◆ **WHAT YOU ARE ASKED TO DO**
Pictures in the data should be dropped; transcribe exactly the lines from the one that has "http://market.chu.jp/schedule1/sche37.cgi | ||||||||||||||" through the one that has "Blusa tejida. Blusa".

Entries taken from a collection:
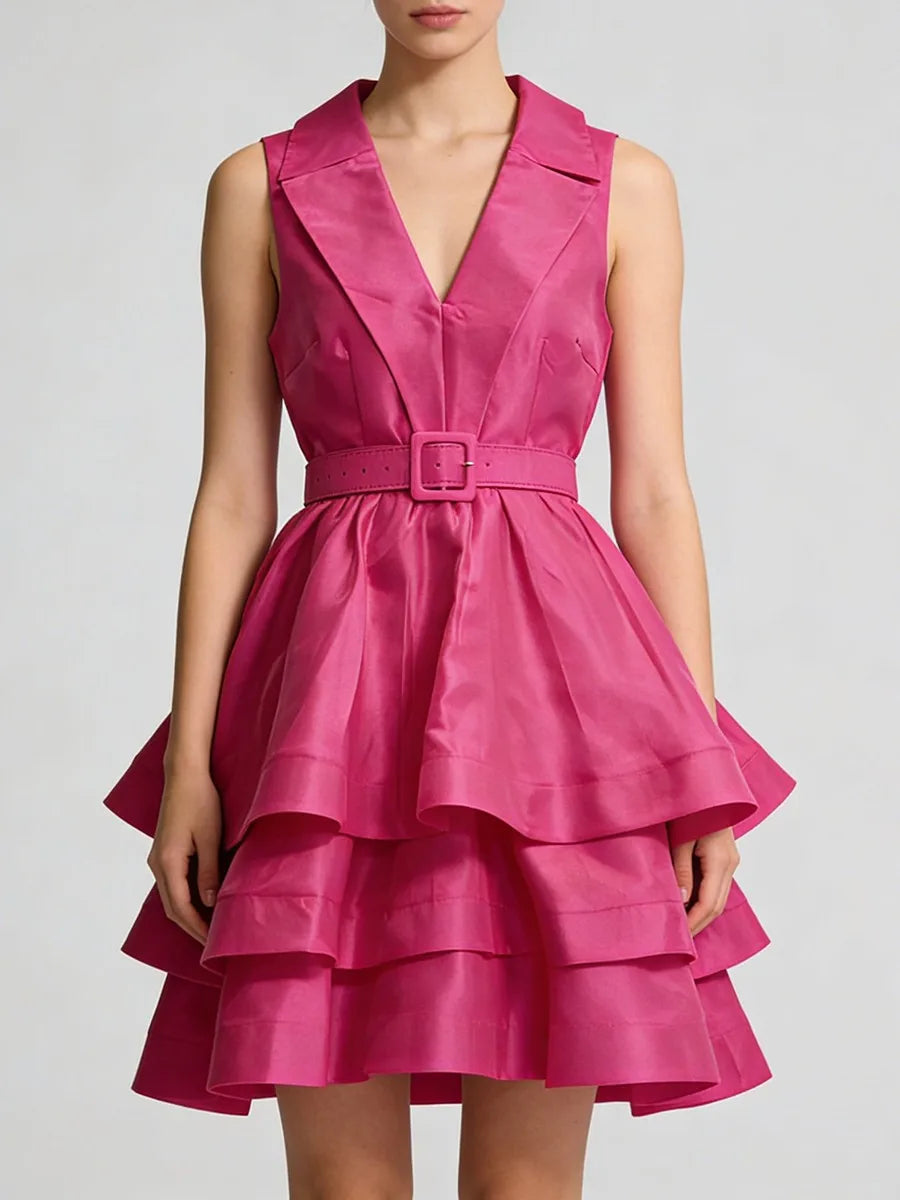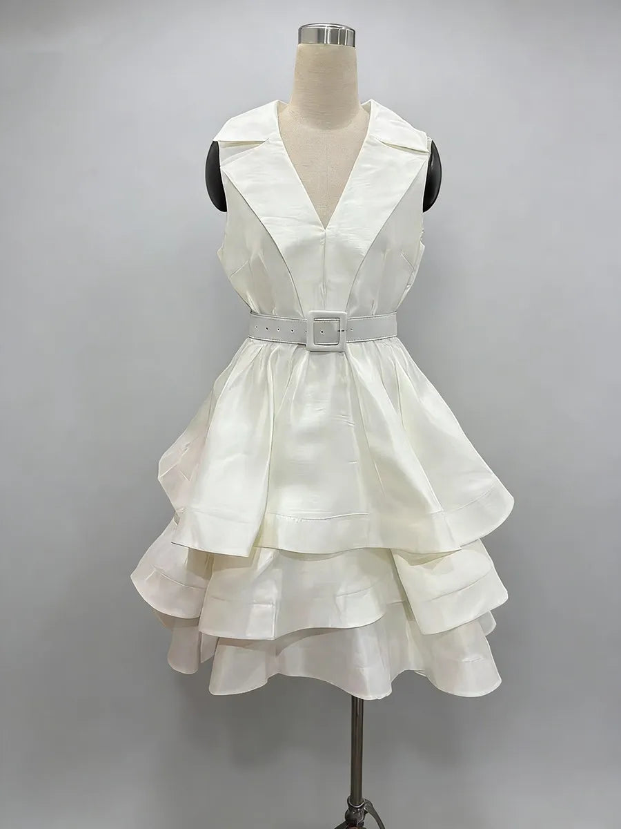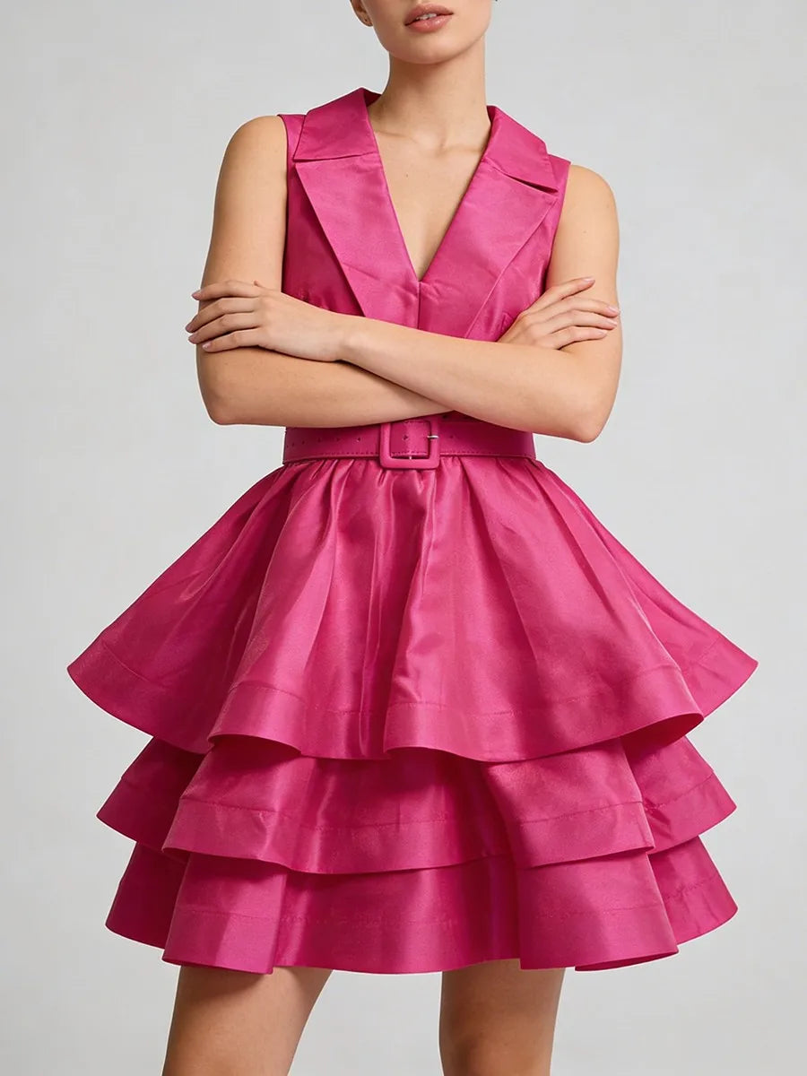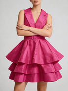 Refined structure meets soft movement in the Trend4us Modern Belted Tiered Ruffle Mini Dress—a contemporary statement designed for confident, style-driven women. Featuring a sleek blazer-inspired neckline and a sculpted sleeveless silhouette, this mini dress is elevated by a matching belted waist that defines the figure with polished precision.
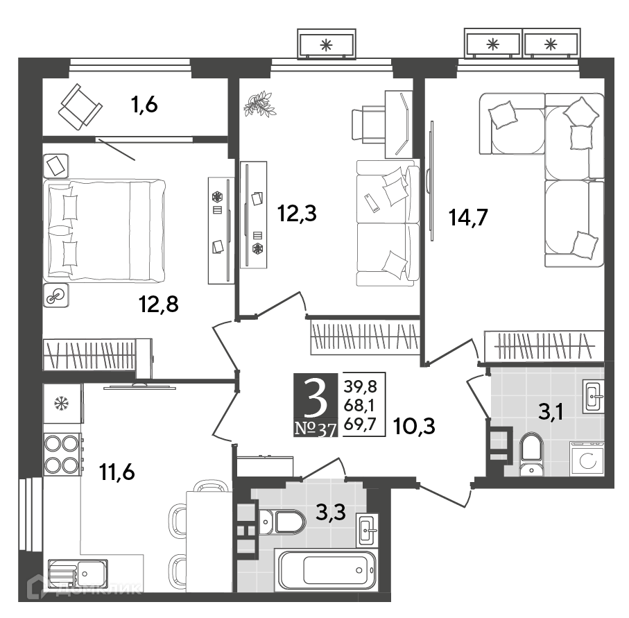 В продаже 3-комнатная квартира в востребованном жилом комплексе "ЖК Порто Ново" 🏢. Квартира расположена на 6-м этаже 19-этажного дома. Отличный вариант для семьи.
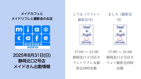 | 営業時間 | 静岡店は出勤スタッフがいれば営業です! 基本的に 12時~22時が営業時間です! ●静岡店のツイッター @shizuokamaidsan https://twitter.com/shizuokamaidsan ●ミア静岡店の営業曜日&営業時間● ☆月〜木 14:00〜22:00(最終受付20:00) ☆金曜日 12:00〜22:00(最終受付21:00) ☆土・日・祝 12:00〜22:00(最終受付21:00) 営業時間外はオンライン予約にてお願いいたします。 PC・携帯共通 → http://m-kanzume.moo.jp/yoyaku2/user.cgi ●ミアガイド出勤状況● スマホ・PC → 後日公開予定 ★静岡店スタッフによるミア甲府店でのメイドカフェリアル営業★ ☆不定期 サイトにてご確認ください。 http://market.chu.jp/schedule1/sche37.cgi | ||||||||||||||
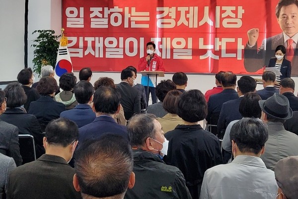 김재일 용인시장 후보는 인사말에서 "현 집권세력에 철저히 실망했다. 정치, 경제, 사회 모든 분야에서 엉망진창이 되어 다시 정치 전면에 나설 결심을 했다. 용인은 무한한 가능성이 있는 경기도의 중심도시이다. 그러나 편협하고, 근시안적인 아날로그 리더십 때문에 용인의 역동성이 짖눌리고 있다. 충북 제천시는 인구 14만 인데도 국제 행사가 2개나 된다. 용인시는 특례시임에도 국제행사가 1개도 없다. 비전과 창의적 리더십이 없는 시장의 무능력 때문이다. 나는 감히 용인시를 품격있는 도시로 만드는 일 잘하는 경제시장이 되겠다. 6월 1일 선거에서 저 김재일후보가 용인시장에 당선될 수 있도록 많은 응원과 지지 부탁드린다"라고 말했다.
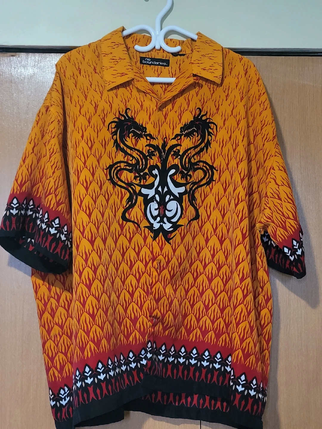 71Here's a cool No Boundaries button-up shirt with a unique graphic design! The shirt features a vibrant pattern with dragon details, perfect for making a statement. It's in great condition and ready for a new home! Oversized.
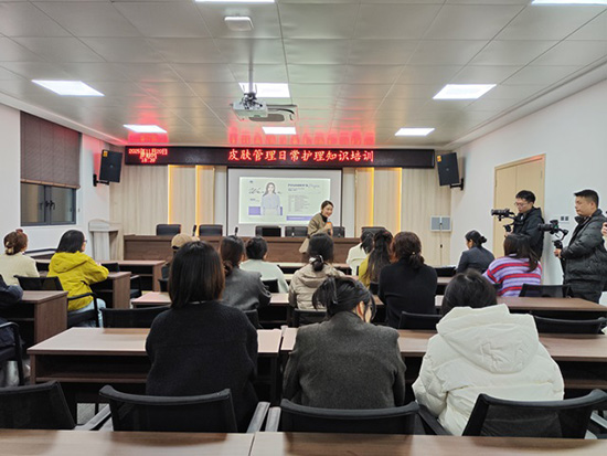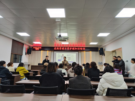 培訓中,管愿愿老師結合自身專業知識與實踐經驗,從皮膚類型科學判斷、不同膚質日常護理要點、常見護膚誤區解析等方面展開講解。針對秋冬季節皮膚干燥、敏感等常見問題,她詳細演示了基礎清潔、保濕補水、防曬等核心護理步驟,并分享了挑選護膚品的實用技巧。
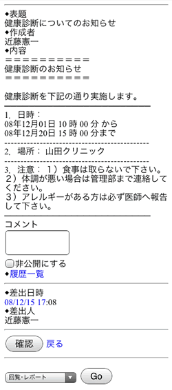 「回覧・レポート確認」画面の”履歴一覧”リンクを押すことによって表示されます。
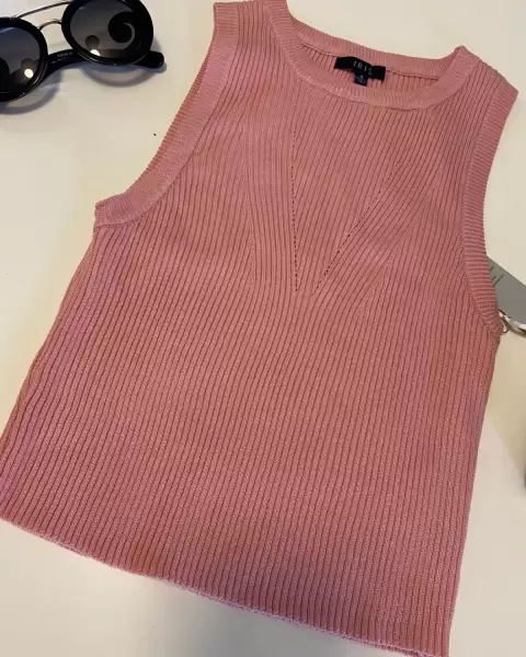 Blusa tejida. Blusa rosa, sin mangas, la tela estira bastante, así que también le queda a una talla M. Nueva
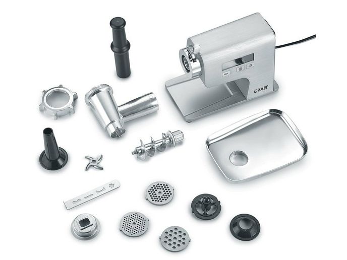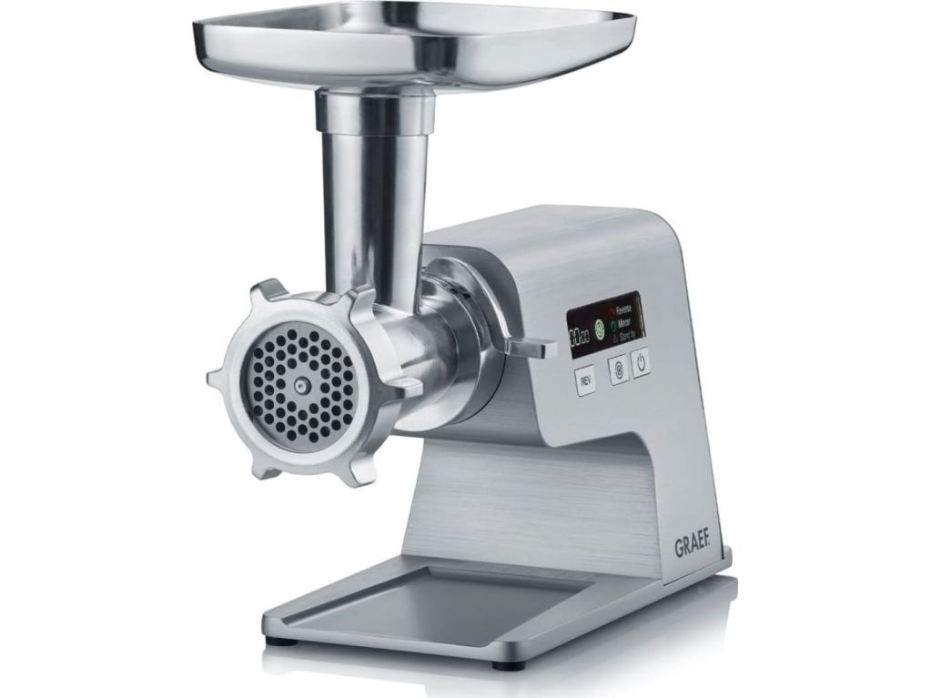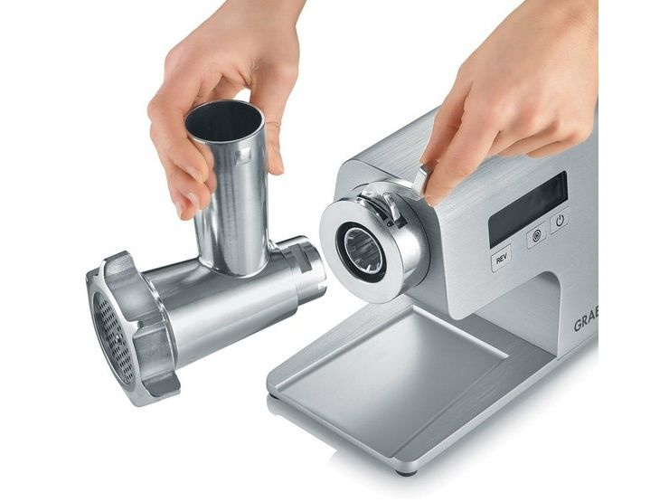 Healthy smoothies, quick vegetable processing or creamy mashed potatoes - the GRAEF Multiwolf is much more to than a meat grinder that prepares the meat for the next DIY burger patty. Because regardless of whether you are a flexitarian, vegetarian or vegan: the compact, 400 watt multi-talent with extensive accessories offers countless options for every food preference - from delicious mushroom farce and shortbread biscuits to homemade pasta with fresh fish cakes. The versatile helper can not only be integrated into every household in a particularly space-saving manner, thanks to its three perforated mincing plates, the sausage filling funnel and the kebbe- and biscuit attachment, there are no limits to the imagination. The Multiwolf processes even thick steaks into delicious meatballs or sausages with a blocking power of up to 2,500 watts and at two speed levels. And if something gets stuck in the elegant aluminum housing, the overload protection lights up on the digital display and the reverse run solves the problem. Thanks to the high-quality workmanship and materials, the Multiwolf is a long-lasting addition to the kitchen and at the same time ensures more sustainability. With the GRAEF Multiwolf, food leftovers can be processed optimally and do not end up in the bin. Leftover fruit and vegetables can be turned into healthy smoothies or delicious spreads. The intelligent conveying system leaves hardly any residues. These can be removed with little effort, as the aluminum screw and the aluminum filling tray of the machine can be easily removed and cleaned.
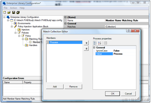 然后 按照相同的方式添加一个Policy Injection Application Block,然后再PIAB节点添加一个Policy。在该Policy下的Match Rules节点下创建一个Method Name Matching Rule (该MatchingRule根据Method name进行CallHandler的匹配),对该MatchingRule进行如下的配置:\
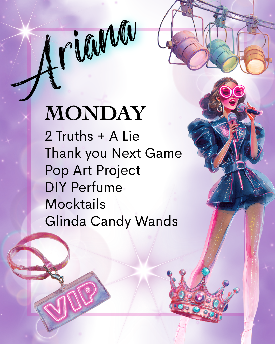 Each day is themed after a different queen of POP and filled with crafting, games, glitter and glam!
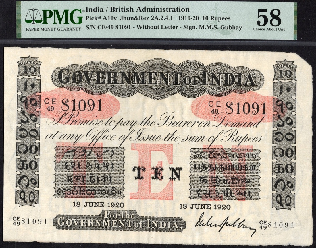India. British Administration. Government of India. 10 Rupees. 19 June 1920. P-A10v, J&R 2A.2.4.1. No. CE/49 81091. Signed: M.M.S. Gubbay. Black on light red. PMG 58 Choice About Unc.
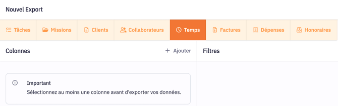 - Comme pour les temps, choisissez la période d’export et sélectionnez les champs à inclure dans l’export.

◆ **RESULT OF THIS TASK**
 | 営業時間 | 静岡店は出勤スタッフがいれば営業です! 基本的に 12時~22時が営業時間です! ●静岡店のツイッター @shizuokamaidsan https://twitter.com/shizuokamaidsan ●ミア静岡店の営業曜日&営業時間● ☆月〜木 14:00〜22:00(最終受付20:00) ☆金曜日 12:00〜22:00(最終受付21:00) ☆土・日・祝 12:00〜22:00(最終受付21:00) 営業時間外はオンライン予約にてお願いいたします。 PC・携帯共通 → http://m-kanzume.moo.jp/yoyaku2/user.cgi ●ミアガイド出勤状況● スマホ・PC → 後日公開予定 ★静岡店スタッフによるミア甲府店でのメイドカフェリアル営業★ ☆不定期 サイトにてご確認ください。 http://market.chu.jp/schedule1/sche37.cgi | ||||||||||||||
 김재일 용인시장 후보는 인사말에서 "현 집권세력에 철저히 실망했다. 정치, 경제, 사회 모든 분야에서 엉망진창이 되어 다시 정치 전면에 나설 결심을 했다. 용인은 무한한 가능성이 있는 경기도의 중심도시이다. 그러나 편협하고, 근시안적인 아날로그 리더십 때문에 용인의 역동성이 짖눌리고 있다. 충북 제천시는 인구 14만 인데도 국제 행사가 2개나 된다. 용인시는 특례시임에도 국제행사가 1개도 없다. 비전과 창의적 리더십이 없는 시장의 무능력 때문이다. 나는 감히 용인시를 품격있는 도시로 만드는 일 잘하는 경제시장이 되겠다. 6월 1일 선거에서 저 김재일후보가 용인시장에 당선될 수 있도록 많은 응원과 지지 부탁드린다"라고 말했다.
 71Here's a cool No Boundaries button-up shirt with a unique graphic design! The shirt features a vibrant pattern with dragon details, perfect for making a statement. It's in great condition and ready for a new home! Oversized.
 培訓中,管愿愿老師結合自身專業知識與實踐經驗,從皮膚類型科學判斷、不同膚質日常護理要點、常見護膚誤區解析等方面展開講解。針對秋冬季節皮膚干燥、敏感等常見問題,她詳細演示了基礎清潔、保濕補水、防曬等核心護理步驟,并分享了挑選護膚品的實用技巧。
 「回覧・レポート確認」画面の”履歴一覧”リンクを押すことによって表示されます。
 Blusa tejida. Blusa rosa, sin mangas, la tela estira bastante, así que también le queda a una talla M. Nueva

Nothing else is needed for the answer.